Run the MCMC for the BART posterior.

Parameters:
  • key (Key[Array, '']) – A key for random number generation.

  • bart (State) – The initial MCMC state, as created and updated by the functions in bartz.mcmcstep. The MCMC loop uses buffer donation to avoid copies, so this variable is invalidated after running run_mcmc. Make a copy beforehand to use it again.

  • n_save (int) – The number of iterations to save.

  • n_burn (int, default: 0) – The number of initial iterations which are not saved.

  • n_skip (int, default: 1) – The number of iterations to skip between each saved iteration, plus 1. The effective burn-in is n_burn + n_skip - 1.

  • inner_loop_length (int | None, default: None) – The MCMC loop is split into an outer and an inner loop. The outer loop is in Python, while the inner loop is in JAX. inner_loop_length is the number of iterations of the inner loop to run for each iteration of the outer loop. If not specified, the outer loop will iterate just once, with all iterations done in a single inner loop run. The inner stride is unrelated to the stride used for saving the trace.

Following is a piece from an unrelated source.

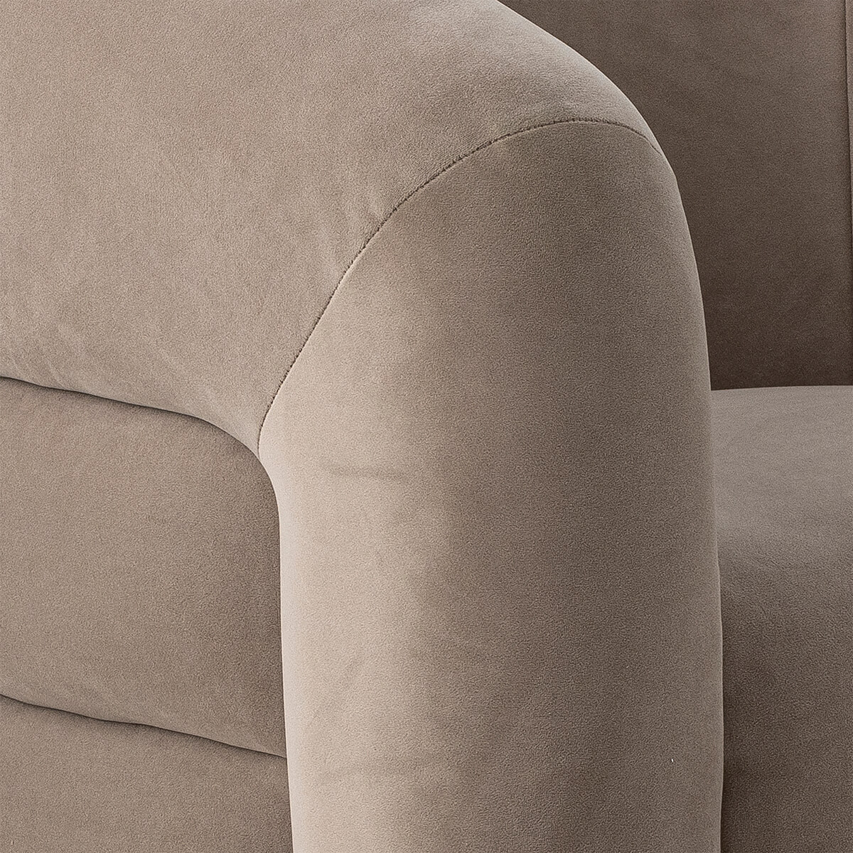 Der graue Sessel Joel mit seiner eleganten, weichen, grauen Samtpolsterung und der abgerundeten Rückenlehne bietet perfekten Komfort und einen stilvollen Look in jedem Zuhause.

  • callback (Callback | None, default: None) – An arbitrary function run during the loop after updating the state. For the signature, see Callback. The callback is called under the jax jit, so the argument values are not available at the time the Python code is executed. Use the utilities in jax.debug to access the values at actual runtime. The callback may return new values for the MCMC state and the callback state.

  • callback_state (PyTree[Any, 'T'], default: None) – The initial custom state for the callback.

  • burnin_extractor (Callable[[State], PyTree], default: BurninTrace.from_state)

  • main_extractor (Callable[[State], PyTree], default: MainTrace.from_state) – Functions that extract the variables to be saved respectively only in the main trace and in both traces, given the MCMC state as argument. Must return a pytree, and must be vmappable.

Returns:

  • bart (State) – The final MCMC state.

  • burnin_trace (PyTree[Shaped[Array, ‘n_burn *’]]) – The trace of the burn-in phase. For the default layout, see BurninTrace.

  • main_trace (PyTree[Shaped[Array, ‘n_save *’]]) – The trace of the main phase. For the default layout, see MainTrace.

Notes

The number of MCMC updates is n_burn + n_skip * n_save. The traces do not include the initial state, and include the final state.

bartz.mcmcloop.pytree_at_set(dest, index, val)[source]

Map dest.at[index].set(val) over pytrees.

Return type:

PyTree

bartz.mcmcloop.make_print_callback(dot_every=1, report_every=100)[source]

Prepare a logging callback for run_mcmc.

The callback prints a dot on every iteration, and a longer report outer loop iteration.

Parameters:
  • dot_every (int | Integer[Array, ''] | None, default: 1) – A dot is printed every dot_every MCMC iterations, None to disable.

  • report_every (int | Integer[Array, ''] | None, default: 100) – A one line report is printed every report_every MCMC iterations, None to disable.

Returns:

dict[str, Any] – A dictionary with the arguments to pass to run_mcmc as keyword arguments to set up the callback.

Examples

>>> run_mcmc(..., **make_print_callback())
class bartz.mcmcloop.Trace(*args, **kwargs)[source]

Protocol for a MCMC trace.

class bartz.mcmcloop.TreesTrace(leaf_tree, var_tree, split_tree)[source]

Implementation of bartz.grove.TreeHeaps for an MCMC trace.

classmethod from_dataclass(obj)[source]

Create a TreesTrace from any bartz.grove.TreeHeaps.

bartz.mcmcloop.evaluate_trace(trace, X)[source]

Compute predictions for all iterations of the BART MCMC.

Parameters:
  • trace (Trace) – A trace of the BART MCMC, as returned by run_mcmc.

  • X (UInt[Array, 'p n']) – The predictors matrix, with p predictors and n observations.

Returns:

Float32[Array, 'trace_length n']The predictions for each iteration of the MCMC.

bartz.mcmcloop.compute_varcount(p, trace)[source]

Count how many times each predictor is used in each MCMC state.

Parameters:
  • p (int) – The number of predictors.

  • trace (TreeHeaps) – A trace of the BART MCMC, as returned by run_mcmc.

Returns:

Int32[Array, 'trace_length {p}']Histogram of predictor usage in each MCMC state.